Section 3. For the purposes of Sections 3 and 4 of this act, the following terms have the following meanings:

(1) EARNED INCOME TAX CREDIT. The same definition as provided in Section 32 of the Internal Revenue Code.

(2) QUALIFIED TAXPAYER. A taxpayer with federal adjusted gross income for the tax year that does not exceed 200 percent of the federal poverty level and who does not have more than the maximum amount of disqualified income under Section 32 (i) of the Internal Revenue code which is allowed to a taxpayer entitled to the earned income tax credit for federal income tax purposes.

Section 4. (a) In addition to any other income tax credit available to individuals, a qualified taxpayer shall be allowed an earned income tax credit against the income tax otherwise due for the tax year.
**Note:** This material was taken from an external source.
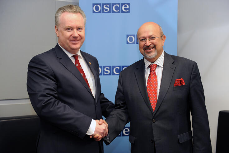 H. E. Ambassador Alexander Lukashevich (l), Permanent Mission of the Russian Federation to the OSCE in Vienna, and the OSCE Secretary General Lamberto Zannier, Vienna, 3 September 2015.

The earned income tax credit shall be equal to ten percent of the earned income tax credit allowable to the individual for the same tax year under Section 32 of the Internal Revenue Code.

(b) If the tax credit available in this section exceeds the amount of the taxpayer's income tax liability for the tax year as computed without regard to this section, then the excess credit shall be refunded to the taxpayer.

Section 5. The Department of Revenue shall promulgate and adopt rules regarding the implementation and administration of this act.

Section 6. The provisions of this act shall become effective for all taxable years beginning after December 31, 2016, if the constitutional amendment proposed by House Bill __ of the 2015 Regular Session is ratified by the qualified electors of the State and proclaimed by the Governor as provided in Sections 284 and 285 of the Constitution of Alabama of 1901.